━━━━━ Data to examine ━━━━━
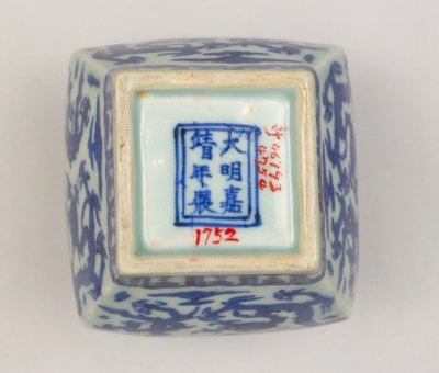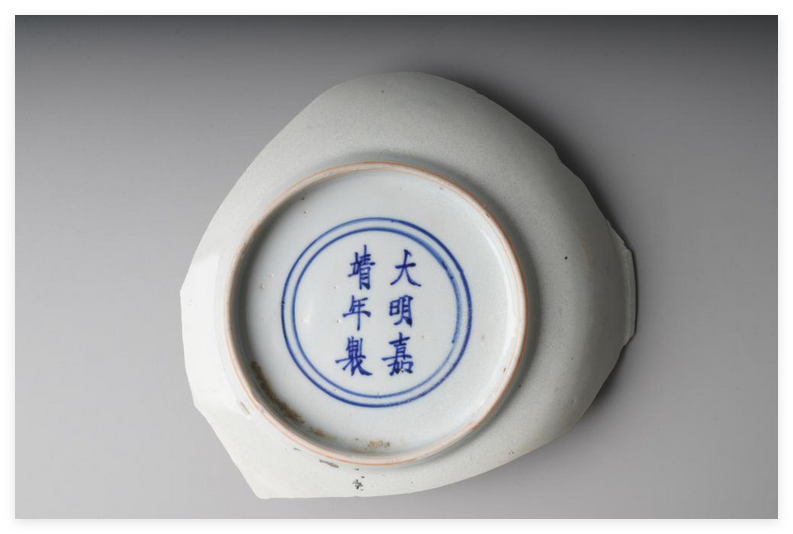 另一种是写在器物外底的青花楷体“大明嘉靖年制”六字双行款。
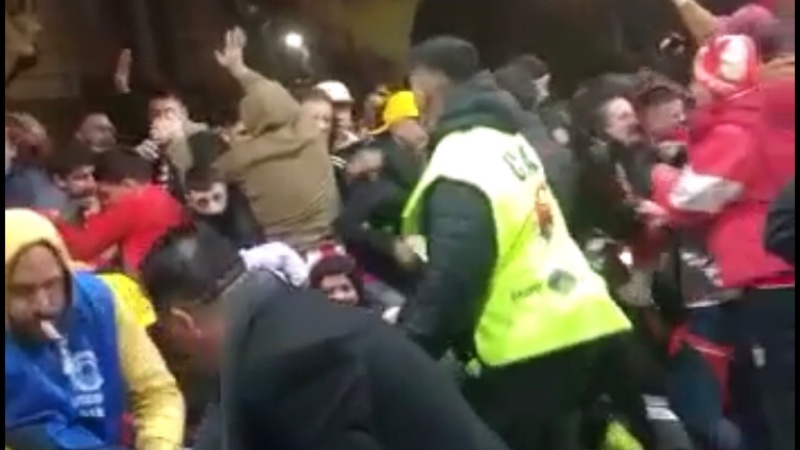 En la avalancha y los tumultos que se observan, hay algunas corridas, insultos y a la vez golpes entre los propios hinchas. Los agentes de seguridad y prevención intentan contener a la masa, pero ésta, embravecida, no detiene la ola y avanza. Algunos simpatizantes intentaron moderar o separar, incluso evitando que corran algún riesgo personas indefensas.
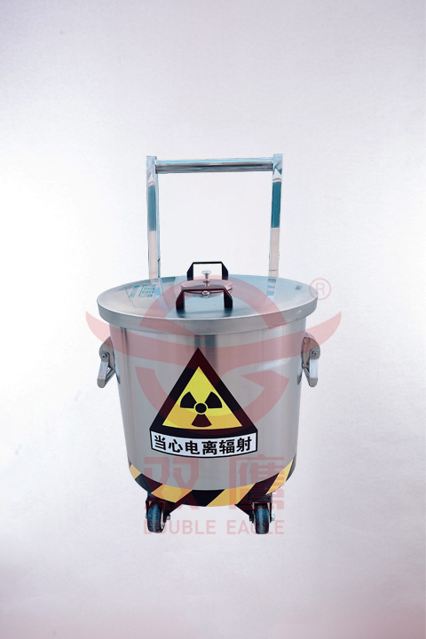 客戶特殊定制放射廢物儲存桶。直徑、高度均為400毫米。鉛當量4mmpb。 產(chǎn)品底部配4個腳輪,一側(cè)加推桿車,移動方便。小蓋便于隨時投放廢物放進桶內(nèi)。大蓋用于廢物塑料袋和廢物一起倒掉。放射廢物儲存桶,讓危害無處可逃。
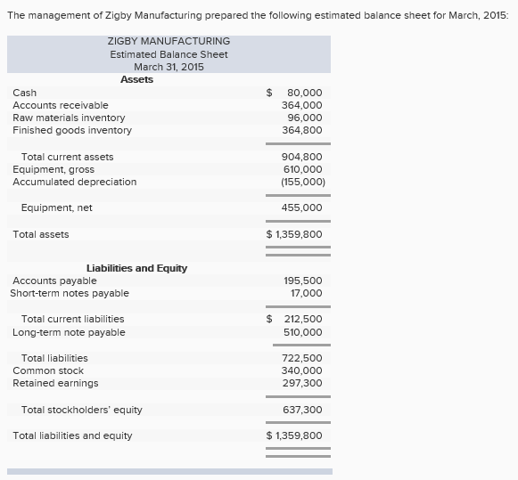 Solved The management of Zigby Manufacturing prepared the Chegg com
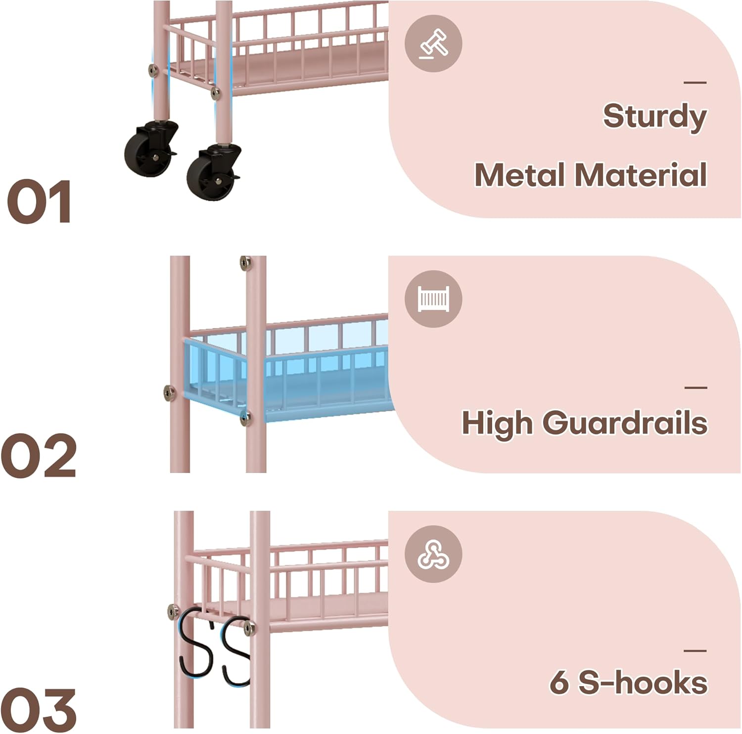 - MULTIFUNCTIONAL STORAGE CART: This rolling utility cart can be placed in the kitchen, living room, toilet, study and other places. You can use it to place daily items, spices, toiletries, books and other things. Improve the cleanliness of your home and don't worry about missing things.
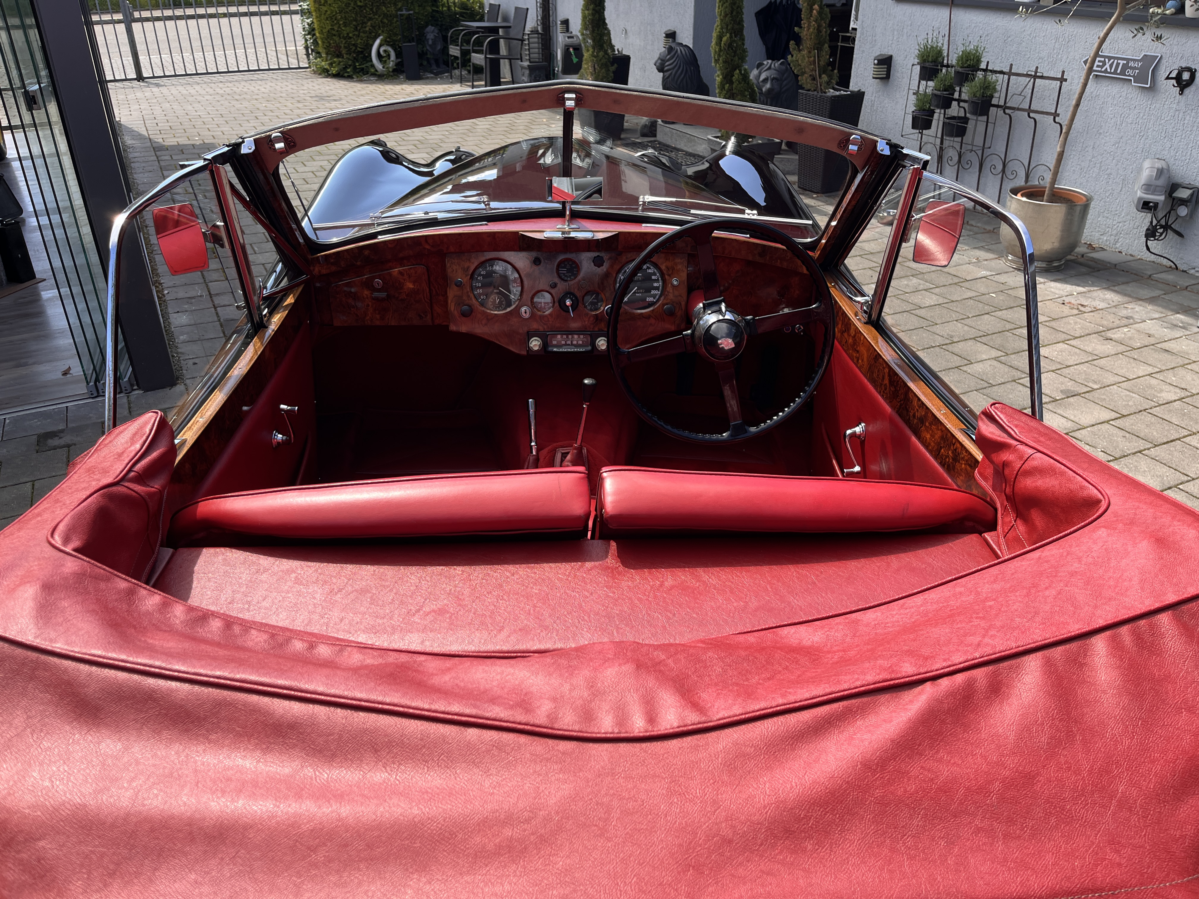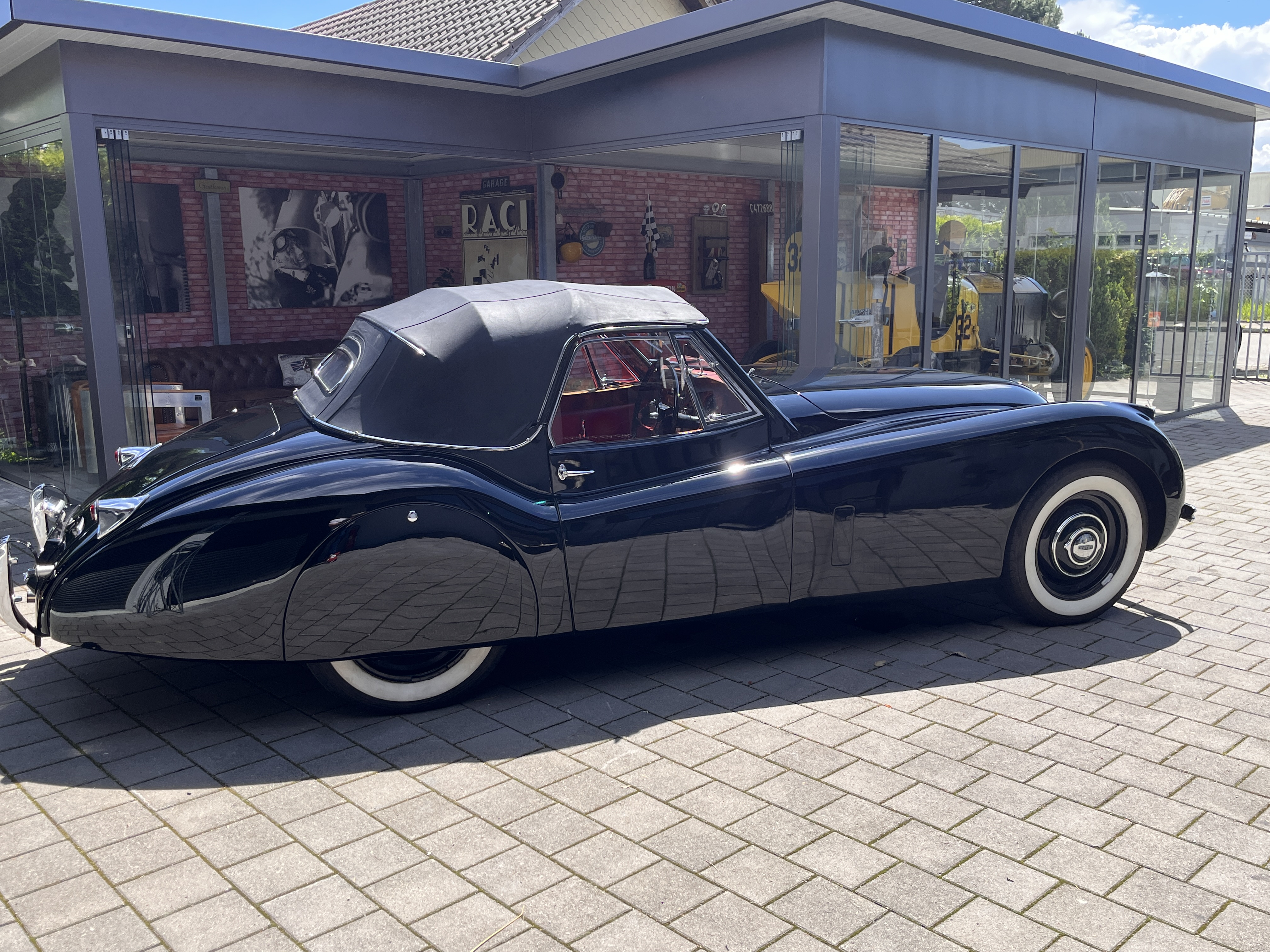 Sehr schöner und restaurierter Jaguar XK 120 in klassischer Farbkombination Glanzschwarz-Bordeaux, ...In den Jaguar XK 120 wurde der erste Jaguar-Motor mit zwei obenliegenden Nockenwellen eingebaut, womit dieses Fzg. eine Höchstgeschwindigkeit von 200Km/h erreicht. Der XK 120 besticht durch seine elegante, ästhetische Form und zählt sich somit zu den Favoriten, bei Veranstaltungen und Liebhabern. Eine umfangreiche Dokumentation ist vorhanden. Schweizer CH-Veteranen-und Deutsche Zulassung vorhanden, sowie der orig. erste Brith.Fzg.Brief. Ebenfalls ist ein original-Productions Record Trace Certificate von Jaguar vorhanden. Der Motor wurde komplett revidiert im Zuge der Voll-Restauration. Das Fahrzeug befindet sich in einem außergewöhnlichst schönem Zustand und ist sofort einsatzbereit. GERNE AUCH INZAHLUNGNAHME-UND EINTAUSCH-MÖGLICH Irrtümer und Zwischenverkauf vorbehalten Für eventuelle Tippfehler oder Inseratsfehler keine Haftung! Die Fahrzeugbeschreibung dient lediglich der allgemeinen Identifizierung des Fahrzeuges und stellt keine Gewährleistung im kaufrechtlichen Sinne dar. Die Angaben erheben nicht den Anspruch auf Vollständigkeit. Die gemachten Angaben, Beschreibungen und Bilder sind unverbindlich und dienen nicht als zugesicherte Eigenschaften. Der Verkäufer übernimmt keine Haftung/ Gewährleistung für Tipp- und Datenübermittlungsfehler. Ausstattungen sind ggf. gesondert und vor Ort zu prüfen.
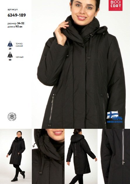 Модель подойдет для ежедневного ношения женщинам, предпочитающим лаконично скроенную одежду немарких цветов. Она сшита из водонепроницаемой ткани темно-синего или черного цвета, утеплена полифиллом. Основная застежка скрыта за ветрозащитной планкой, капюшон отстегивается. Единственные функционально-декоративные детали, привлекающие взгляд - металлические застежки-молнии на карманах и спине.
━━━━━
> [About this task] Every record, word for word, should be given back without its pictures.

> [Expected answer]
 另一种是写在器物外底的青花楷体“大明嘉靖年制”六字双行款。
 En la avalancha y los tumultos que se observan, hay algunas corridas, insultos y a la vez golpes entre los propios hinchas. Los agentes de seguridad y prevención intentan contener a la masa, pero ésta, embravecida, no detiene la ola y avanza. Algunos simpatizantes intentaron moderar o separar, incluso evitando que corran algún riesgo personas indefensas.
 客戶特殊定制放射廢物儲存桶。直徑、高度均為400毫米。鉛當量4mmpb。 產(chǎn)品底部配4個腳輪,一側(cè)加推桿車,移動方便。小蓋便于隨時投放廢物放進桶內(nèi)。大蓋用于廢物塑料袋和廢物一起倒掉。放射廢物儲存桶,讓危害無處可逃。
 Solved The management of Zigby Manufacturing prepared the Chegg com
 - MULTIFUNCTIONAL STORAGE CART: This rolling utility cart can be placed in the kitchen, living room, toilet, study and other places. You can use it to place daily items, spices, toiletries, books and other things. Improve the cleanliness of your home and don't worry about missing things.
 Sehr schöner und restaurierter Jaguar XK 120 in klassischer Farbkombination Glanzschwarz-Bordeaux, ...In den Jaguar XK 120 wurde der erste Jaguar-Motor mit zwei obenliegenden Nockenwellen eingebaut, womit dieses Fzg. eine Höchstgeschwindigkeit von 200Km/h erreicht. Der XK 120 besticht durch seine elegante, ästhetische Form und zählt sich somit zu den Favoriten, bei Veranstaltungen und Liebhabern. Eine umfangreiche Dokumentation ist vorhanden. Schweizer CH-Veteranen-und Deutsche Zulassung vorhanden, sowie der orig. erste Brith.Fzg.Brief. Ebenfalls ist ein original-Productions Record Trace Certificate von Jaguar vorhanden. Der Motor wurde komplett revidiert im Zuge der Voll-Restauration. Das Fahrzeug befindet sich in einem außergewöhnlichst schönem Zustand und ist sofort einsatzbereit. GERNE AUCH INZAHLUNGNAHME-UND EINTAUSCH-MÖGLICH Irrtümer und Zwischenverkauf vorbehalten Für eventuelle Tippfehler oder Inseratsfehler keine Haftung! Die Fahrzeugbeschreibung dient lediglich der allgemeinen Identifizierung des Fahrzeuges und stellt keine Gewährleistung im kaufrechtlichen Sinne dar. Die Angaben erheben nicht den Anspruch auf Vollständigkeit. Die gemachten Angaben, Beschreibungen und Bilder sind unverbindlich und dienen nicht als zugesicherte Eigenschaften. Der Verkäufer übernimmt keine Haftung/ Gewährleistung für Tipp- und Datenübermittlungsfehler. Ausstattungen sind ggf. gesondert und vor Ort zu prüfen.
 Модель подойдет для ежедневного ношения женщинам, предпочитающим лаконично скроенную одежду немарких цветов. Она сшита из водонепроницаемой ткани темно-синего или черного цвета, утеплена полифиллом. Основная застежка скрыта за ветрозащитной планкой, капюшон отстегивается. Единственные функционально-декоративные детали, привлекающие взгляд - металлические застежки-молнии на карманах и спине.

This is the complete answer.